= Ini Kopuria =

Solomon Island Anglican missionary and saint

Ini Kopuria (died June 1945) was a Solomon Islands police officer from Maravovo, Guadalcanal, who founded the Melanesian Brotherhood in 1925. He and the Bishop of Melanesia, John Manwaring Steward, formed a brotherhood (known in the Mota language as Ira Reta Tasiu) to spread Christianity to non-Christian areas of Melanesia.

After being educated at the Anglican church schools of Pamua and later in Norfolk Island, he joined the police force. In 1924, while recovering in a hospital from a leg injury, Kopuria reported experiencing a vision in which Jesus conveyed to him that he was not fulfilling his assigned divine mission. With the support of Bishop Steward, Kopuria decided to establish a community of Solomon Islands men to act as missionaries. Having previously visited remote villages as a policeman, he intended to return to them as a missionary.

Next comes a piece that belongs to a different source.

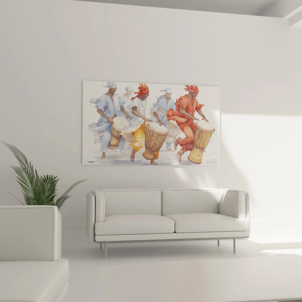 La technique aquarelle apporte une richesse texturelle exceptionnelle à cette représentation. Les tableau musiciens technique fluide révèle des empâtements subtils qui donnent du relief aux vêtements et aux instruments. Les zones d'ombre sont traitées avec des lavis transparents qui créent une profondeur naturelle. Les djembés présentent des détails minutieux dans les cordages et les surfaces en bois, avec des effets de matière particulièrement réussis. Les mains des musiciens sont rendues avec une précision anatomique remarquable, chaque doigt étant individualisé dans son geste musical. La fluidité de l'aquarelle permet aux couleurs de se mélanger organiquement, créant des transitions douces entre les différentes zones colorées. Cette décoration murale technique mixte allie maîtrise technique et expression artistique authentique.

On 28 October 1925 (which falls on the feast days of Saints Simon and Jude), he took vows renouncing possessions, marriage and freedom of action. He gave away all his property, including an area of his family's land at Tabalia, to the Brotherhood. The following year, the first six brothers joined him.

The Anglican Church of Melanesia and the Church of England commemorate Kopuria on their calendars of saints. Kopuria is commemorated in the Church of England on 6 June.